NOTE: If something similar happens with other services you can do the same thing. Please check the following link that has more details: https://community.hortonworks.com/articles/30096/foxing-broken-targz-and-jar-files-in-hdp-24.html
Hope this helps!

celerybeat shutdown - initscript order?

I'm trying to setup rabbitmq/celery/django-celery/django so that it is "rebootproof", i.e. it all just comes back up by itself. Everything seems to work fine except this:
When I reboot, all services get started, but it seems celeryd is started before rabbitmq, and celerybeat gets subsequently terminated because it can't connect (?):
[2011-06-14 00:48:35,128: WARNING/MainProcess] celery#inquire has started.
[2011-06-14 00:48:35,130: INFO/Beat] child process calling self.run()
[2011-06-14 00:48:35,131: INFO/Beat] Celerybeat: Starting...
[2011-06-14 00:48:35,134: ERROR/MainProcess] Consumer: Connection Error: [Errno 111] Connection refused. Trying again in 2 seconds...
[2011-06-14 00:48:35,688: INFO/Beat] process shutting down
[2011-06-14 00:48:35,689: WARNING/Beat] Process Beat:
[2011-06-14 00:48:35,689: WARNING/Beat] Traceback (most recent call last):
...
[2011-06-14 00:48:35,756: WARNING/Beat] File "/home/inquire/inquire.env/lib/python2.6/site-packages/amqplib/client_0_8/transport.py", line 220, in create_transport
[2011-06-14 00:48:35,760: WARNING/Beat] return TCPTransport(host, connect_timeout)
[2011-06-14 00:48:35,761: WARNING/Beat] File "/home/inquire/inquire.env/lib/python2.6/site-packages/amqplib/client_0_8/transport.py", line 58, in __init__
[2011-06-14 00:48:35,761: WARNING/Beat] self.sock.connect((host, port))
[2011-06-14 00:48:35,761: WARNING/Beat] File "<string>", line 1, in connect
[2011-06-14 00:48:35,761: WARNING/Beat] error: [Errno 111] Connection refused
[2011-06-14 00:48:35,761: INFO/Beat] process exiting with exitcode 1
[2011-06-14 00:48:37,137: ERROR/MainProcess] Consumer: Connection Error: [Errno 111] Connection refused. Trying again in 4 seconds...
On Ubuntu, I installed rabbitmq-server with apt, django-celery with pip into my virtualenv, then I symlinked the "celeryd" initscript I got from https://github.com/ask/celery/tree/master/contrib/debian/init.d in /etc/init.d, configured it in /etc/default/celeryd to use the django celeryd from my virtualenv, and made it "rebootproof" via (maybe "defaults" is the problem?)

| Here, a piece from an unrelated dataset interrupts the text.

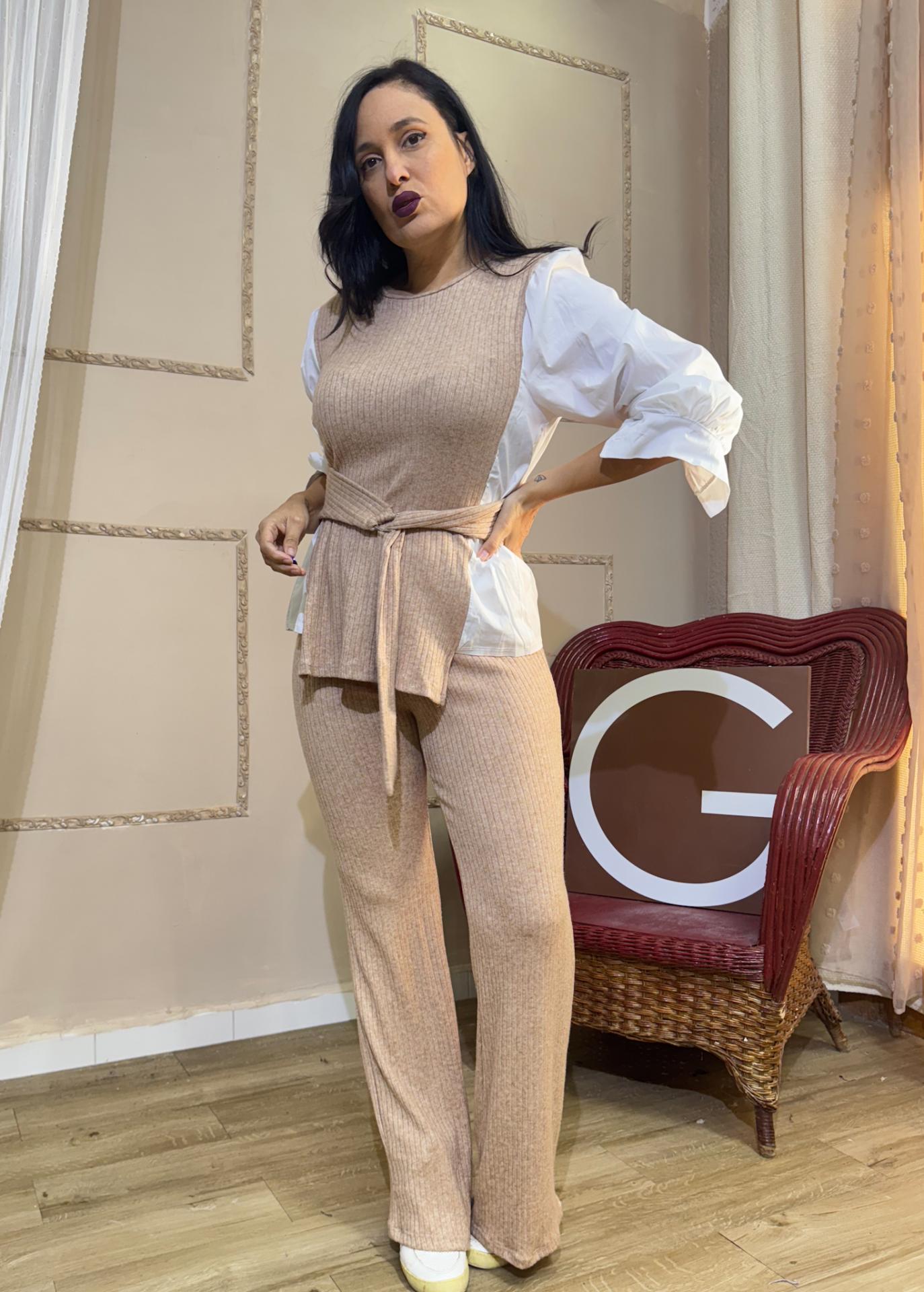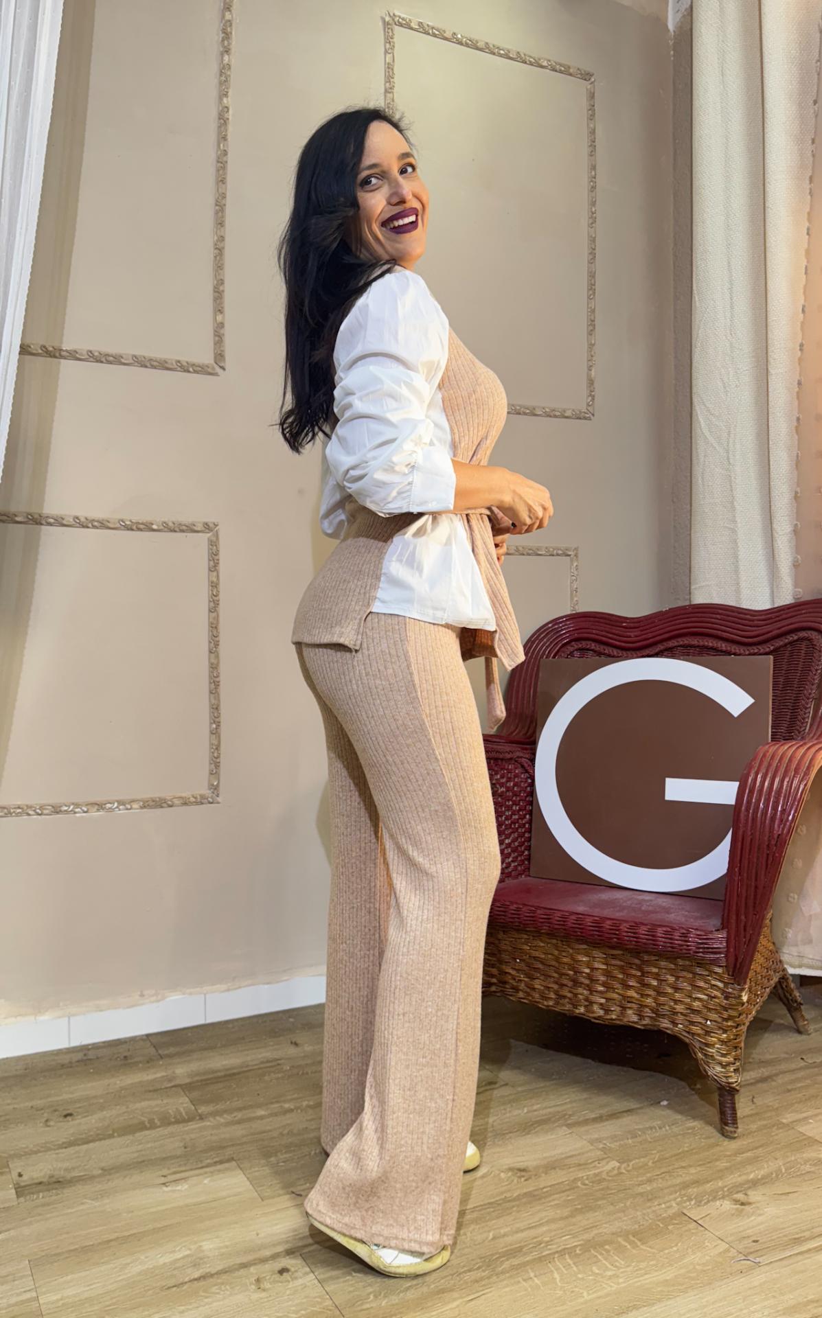 CONJUNTO BEIG DE PUNTO MANGAS DE CAMISA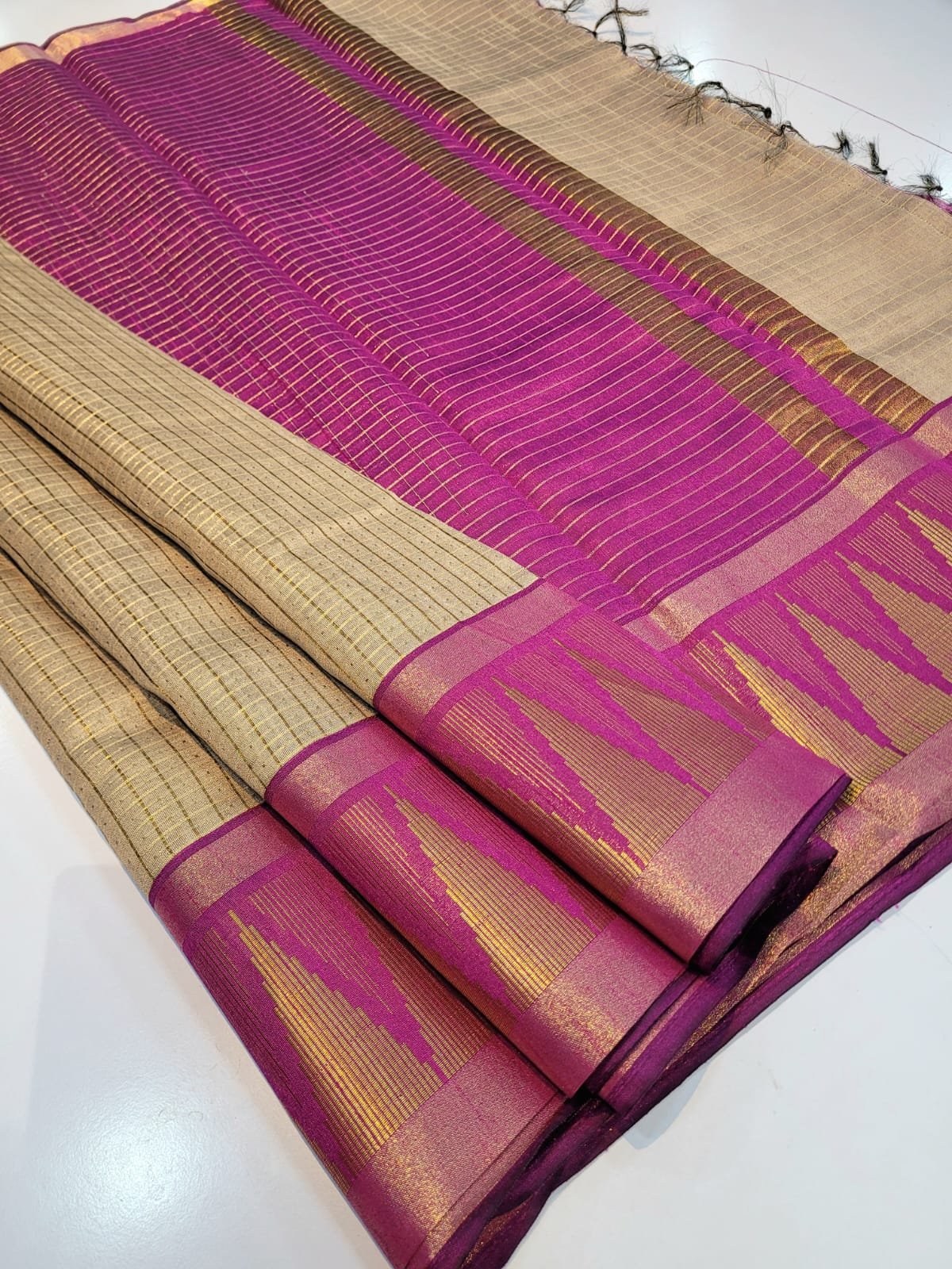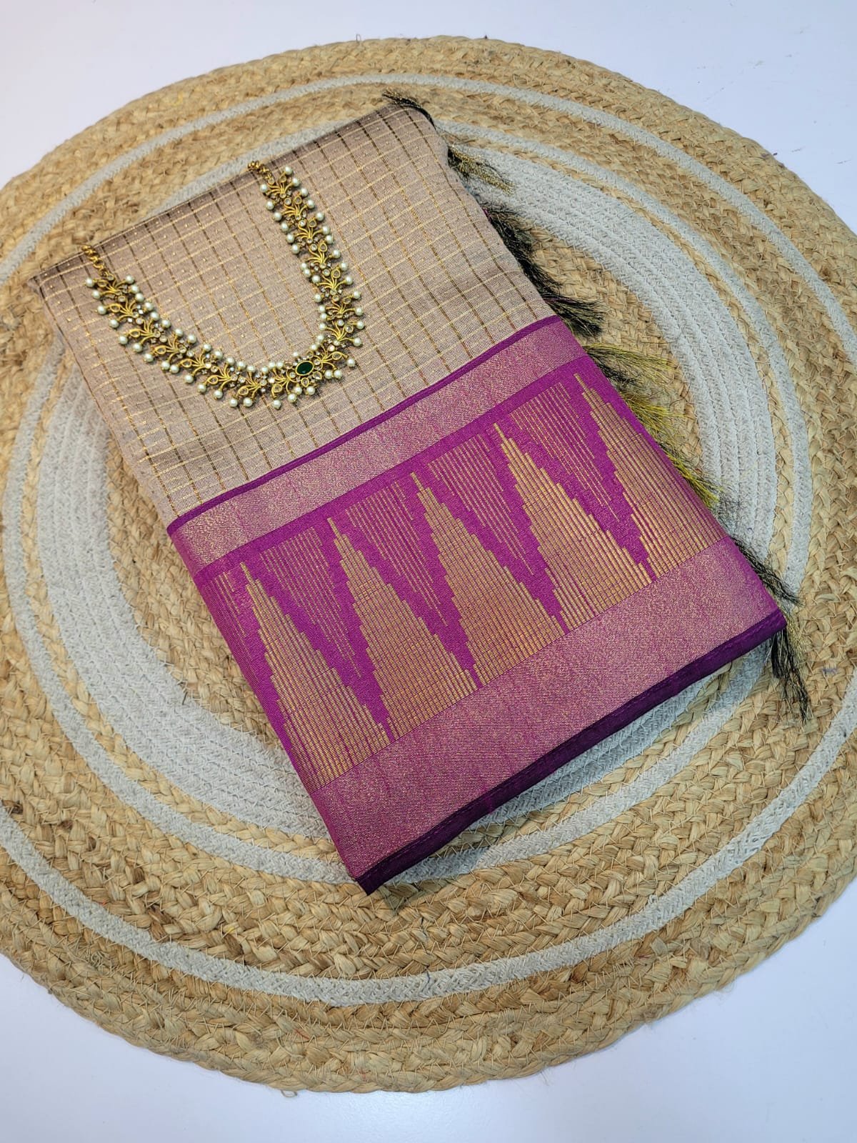 💐Small Checks Jari Weaving all over the Saree

update-rc.d celeryd defaults
Rather than running celeryd and celerybeat with separate initscripts, I just configured celeryd to include Beat (maybe that's the problem?):
CELERYD_OPTS="-v 2 -B -s celery -E"
Any pointers how to solve this issue?
If I
sudo /etc/init.d/celeryd restart
there are no complaints:
[2011-06-14 00:54:29,157: WARNING/MainProcess] celery#inquire has started.
[2011-06-14 00:54:29,161: INFO/Beat] child process calling self.run()
[2011-06-14 00:54:29,162: INFO/Beat] Celerybeat: Starting...
but I need to eliminate the need for any manual steps.
celerybeat's dependency on the broker service was indeed the issue.
Rather than installing the initscript with
update-rc.d celeryd defaults
with the rabbitmq-server script being installed as sequence number 20 for start and kill, celerybeat's dependency must be resolved by explicitly starting it after (and killing it before) rabbitmq-server by using
update-rc.d celeryd defaults 21 19
NB: I've actually opted for the separate celerybeat service instead of the -B invocation, and only did 21 19 for that script, i.e. the one with the problem.
I think that the problem is not in celery it self but in your script, probably when celeryd starts the broker is not listening yet.
I'm using almost your same command and I don't have any issue, launch the celeryd script with -B option is not wrong.
I think that on your reboot script you have to wait for rabbitmq complete restart before launch celeryd, maybe with test of connection too.